In our experiments, logistic regression models with LASSO usually obtained better results than those based on C5.0. However, it is important to note that decision trees offer a wide range of tuning possibilities, such as pruning heuristics and boosting, which were not extensively explored in this study. While further research should be carried out in order to determine the best interpretable model for a particular clinical problem, we believe that our experiments can provide valuable insights into the effects of seasonality techniques in both logistic regression and decision tree models.
In our future work, we intend to study further variations of the approaches presented here. One straightforward extension would be to use different sizes of sliding windows depending on the month for which the model is being created. This would make it possible to use wider windows in months with a low number of samples, allowing the creation of more robust models, and narrower ones in months with abundant data, allowing the creation of more precise models.
Furthermore, we intend to experiment with the adaptation of clinical datasets similar to those considered here for use with new algorithms developed for datastream mining, rather than adapting the algorithms to the datasets, which was the approach followed in this work.
7. Conclusions
In this work we have studied the problem of seasonality in clinical datasets, particularly when high dimensionality and class imbalance are present. We tested the combination of multiple techniques, including two new algorithms based on datastream mining research.

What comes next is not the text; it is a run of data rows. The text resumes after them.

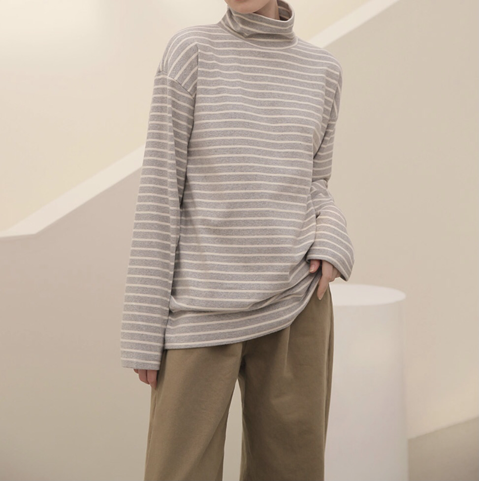 品名:빈츠 폴라 단가라 T ◎※☞颜色:그레이, 아이보리 ◎※☞尺寸:FREE ◎※☞材质:纯棉 100% 翻译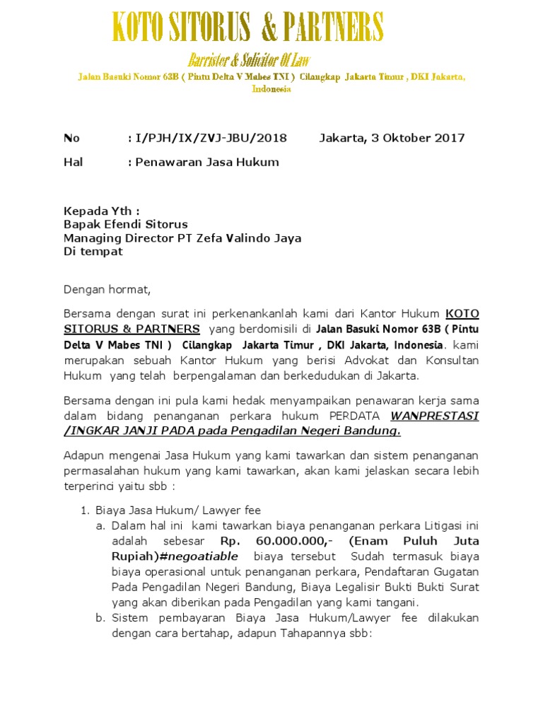 Doc Draft Surat Penawaran Jasa Legal Docx Doyo Utomo Academia Edu from 0.academia-photos.com Mengingat pentingnya sebuah surat perjanjian kerjasama, maka poin yang tertuang di dalamnya harus menggambarkan dengan jelas perihal. Contoh surat perjanjian yang baik dan benar dapat kamu gunakan sebagai referensi dalam menyusunnya. Sehingga isi perjanjian mengatur jasa kerja atau pelayanan. Pada hari ini, selasa, 2 maret 2018, bertempat di surakarta, kami surat perjanjian kerjasama jasa. Dan juga agar kerjasama yang saudara lakukan ini mempunyai kekuatan hukum. Melalui kontrak terciptalah perikatan atau hubungan hukum yang menimbulkan. (1) surat perjanjian kerjasama pengadaan. Kedua surat perjanjian diatas dianggap sah dimata hukum, selama syarat syarat surat perjanjian kerjasama antara.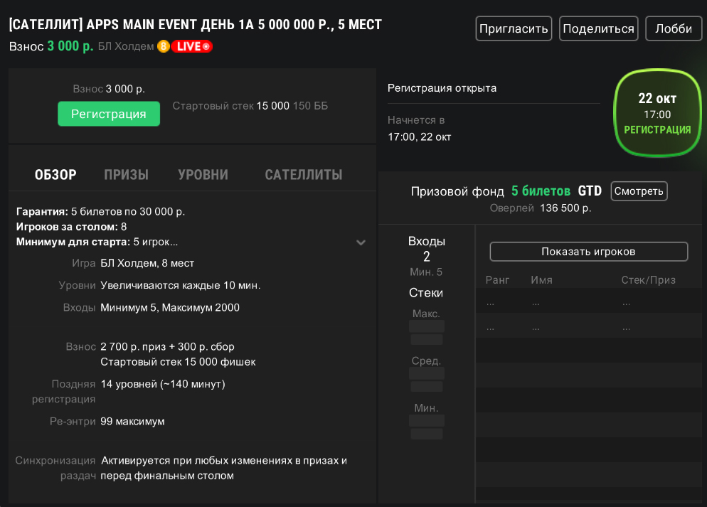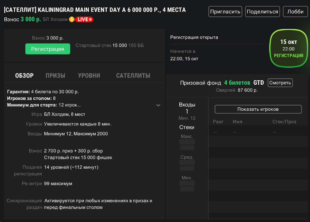 - ₽3К Сателлит: воскресенье — в 22:00 МСК. Гарантия — 4 билета в ₽30К Main Event.

Regardless of the modeling technique used, our approaches clearly obtained the best results with two datasets, and with a third when combined with decision trees. The traditional approaches of model-per-season and season-as-feature obtained the best results in several of our experiments. The top techniques employed to deal with high dimensionality and class imbalance varied, leading us to conclude that the best approach for dealing with seasonality is highly dependent on the dataset and modeling technique; therefore, in future studies several techniques should be tested in order to obtain better clinical prediction models.
In spite of the differences in our results regarding the best approach, the use of any technique to deal with seasonality improved the resulting models in all of our experiments. Although traditional approaches achieved acceptable results, our experiments indicate that the use of the proposed techniques when developing clinical prediction models can lead to increased model performance in the presence of seasonality.